# used dd_rescue, copied drive looks ok, but won't boot



## Ivan X (Dec 13, 2007)

I know this may have been asked before; I really did search. Apologies if redundant.

A while back I used dd_rescue to block-copy my entire 160 GB drive from my TiVo HD to a 500 GB WD Green edition or whatever it is they are called; the model # is WD5000AADS. (I also have an external drive, which works fine.)

It didn't boot, and I always intended to go back and figure out why; but I didn't, and now my boot drive is 100% dead (clicking sounds).

So I took a look at the copied drive and I can clearly see the Linux partitions and mount the ext2 partitions. So there's stuff on there. But no boot.
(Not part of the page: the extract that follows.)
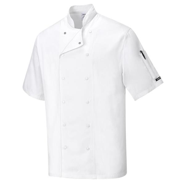 Practical, stylish and hardwearing, the Aberdeen Jacket has an array of useful features including: a handy sleeve pocket, 6 rows of white press studs, MeshAir aerated mesh underarms and shaped back panels for a contemporary fit. The durable fabric allows the garment to keep its shape wash after wash.

Is there anything I can try, short of finding/buying a new image and starting over? I don't really care that much about the programs, but I'd prefer not to start all the setup from scratch if I don't have to.

Thanks for any help.


----------



## ronsch (Sep 7, 2001)

I take it that you've already checked the jumper settings?


----------



## lessd (Jan 23, 2005)

Ivan X said:


> I know this may have been asked before; I really did search. Apologies if redundant.
> 
> A while back I used dd_rescue to block-copy my entire 160 GB drive from my TiVo HD to a 500 GB WD Green edition or whatever it is they are called; the model # is WD5000AADS. (I also have an external drive, which works fine.)
> 
> ...


Some WD green drives have a boot problem with TiVo because of some park control in the green drives. You can fix the problem by running *wdidle*, you can find the program and instructions using Google search.


----------